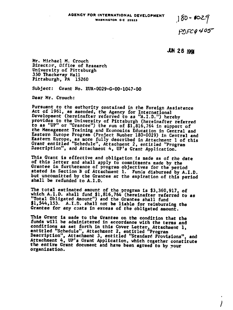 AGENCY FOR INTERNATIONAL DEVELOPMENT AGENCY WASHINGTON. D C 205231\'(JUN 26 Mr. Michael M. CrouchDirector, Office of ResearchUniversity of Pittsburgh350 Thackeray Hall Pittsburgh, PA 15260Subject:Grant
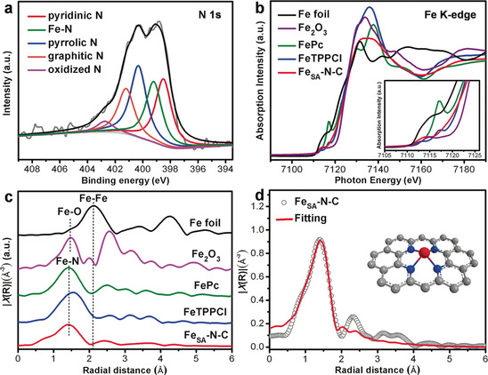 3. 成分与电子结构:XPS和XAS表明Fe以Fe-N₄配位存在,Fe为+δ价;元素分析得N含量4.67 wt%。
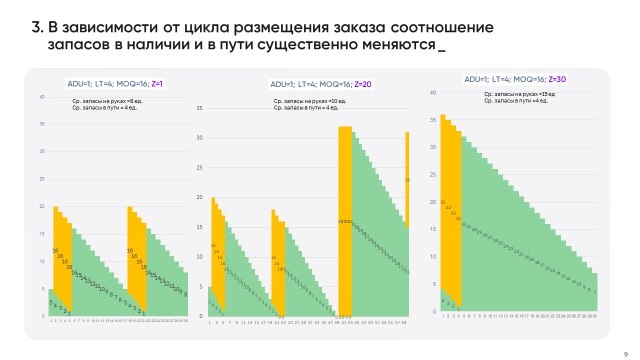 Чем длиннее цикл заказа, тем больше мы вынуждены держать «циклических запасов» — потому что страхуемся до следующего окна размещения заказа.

--

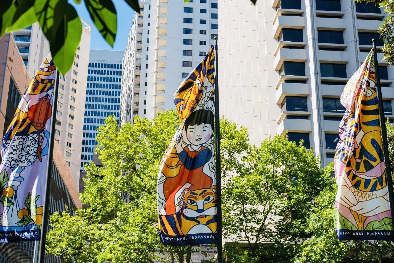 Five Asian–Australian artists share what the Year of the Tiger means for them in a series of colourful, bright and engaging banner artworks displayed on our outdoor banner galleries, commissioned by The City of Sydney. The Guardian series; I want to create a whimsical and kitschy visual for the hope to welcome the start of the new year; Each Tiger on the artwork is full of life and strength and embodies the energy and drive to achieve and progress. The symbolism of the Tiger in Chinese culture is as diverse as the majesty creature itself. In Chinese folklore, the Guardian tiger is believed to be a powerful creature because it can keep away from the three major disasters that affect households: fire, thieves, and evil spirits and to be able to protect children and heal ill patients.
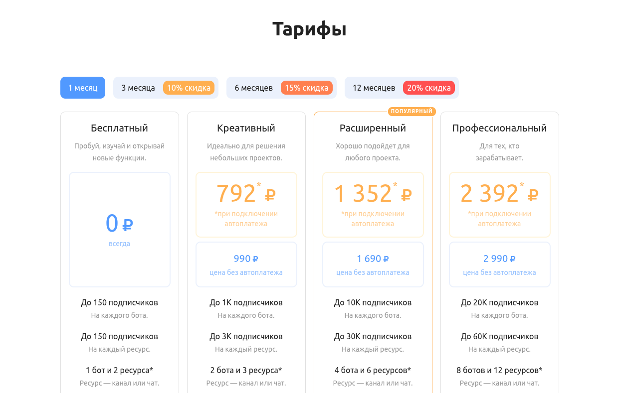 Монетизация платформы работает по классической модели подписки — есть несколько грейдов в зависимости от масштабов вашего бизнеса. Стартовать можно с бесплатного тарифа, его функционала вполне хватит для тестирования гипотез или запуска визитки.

--

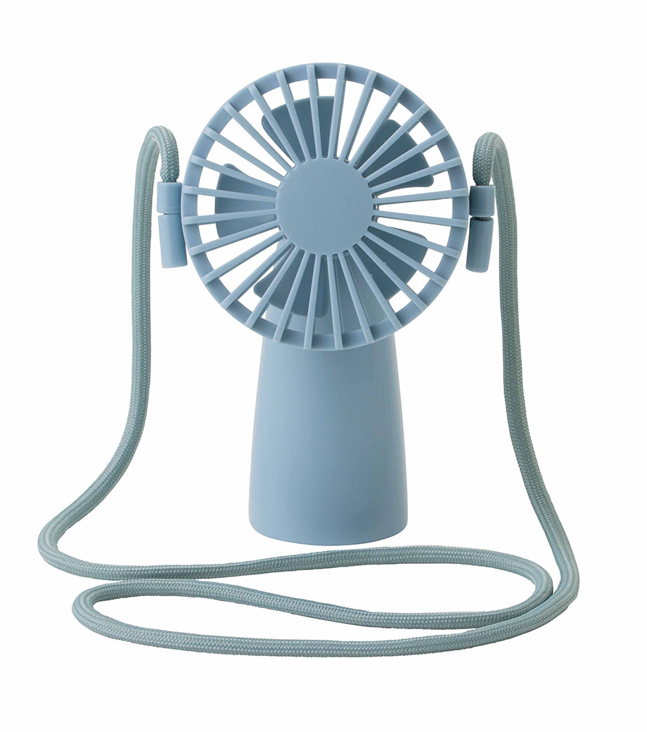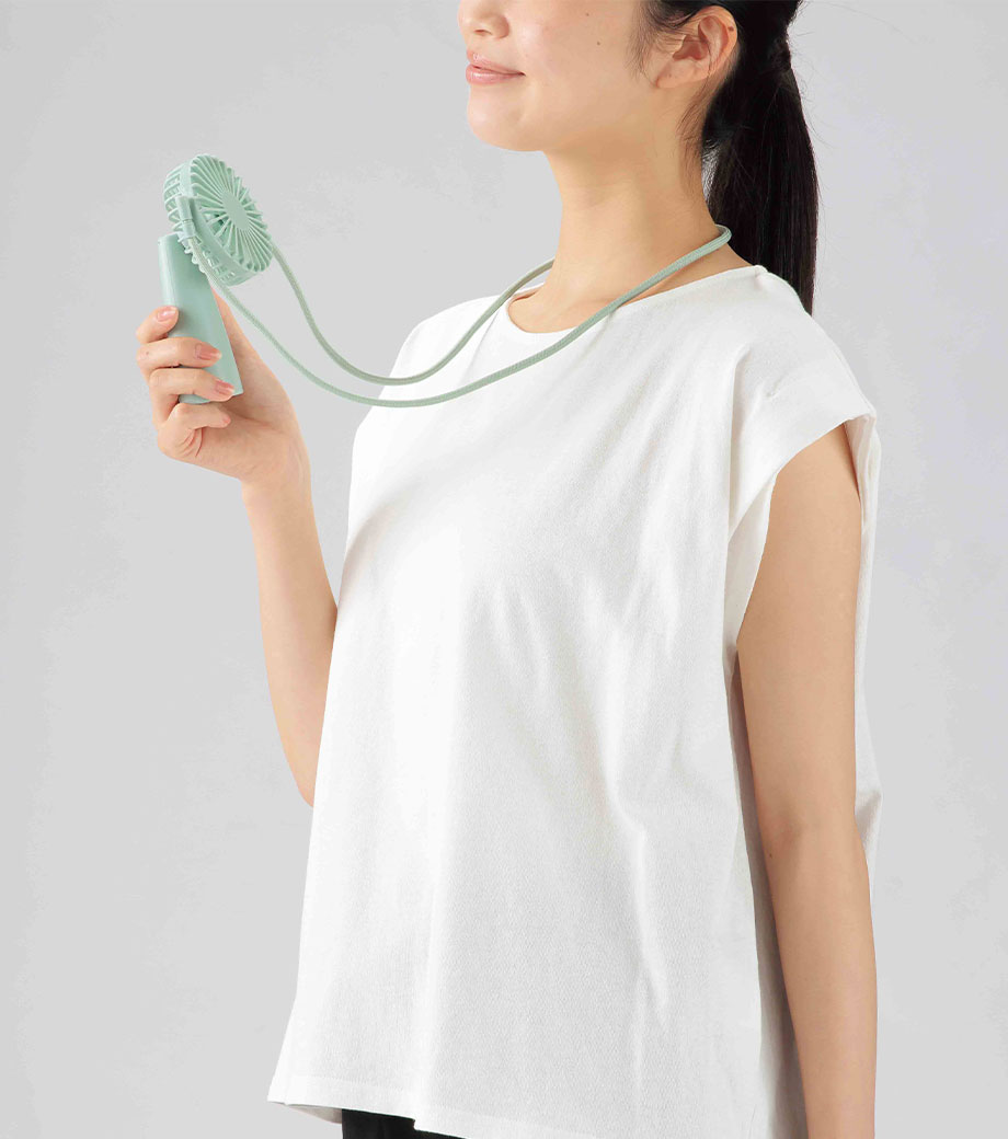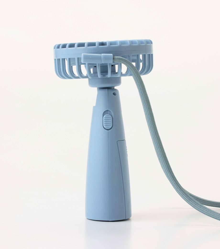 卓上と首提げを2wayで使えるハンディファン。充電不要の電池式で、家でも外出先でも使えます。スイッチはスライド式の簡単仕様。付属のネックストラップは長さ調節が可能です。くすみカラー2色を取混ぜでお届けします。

What is being asked - Please output, exactly as written, the lines above from the one holding "3. 成分与电子结构:XPS和XAS表明Fe以Fe-N₄配位存在,Fe为+δ价;元素分析得N含量4.67 wt%。" through the one holding "Чем длиннее цикл", both included, with the pictures omitted.

Exercise result -
 3. 成分与电子结构:XPS和XAS表明Fe以Fe-N₄配位存在,Fe为+δ价;元素分析得N含量4.67 wt%。
 Чем длиннее цикл заказа, тем больше мы вынуждены держать «циклических запасов» — потому что страхуемся до следующего окна размещения заказа.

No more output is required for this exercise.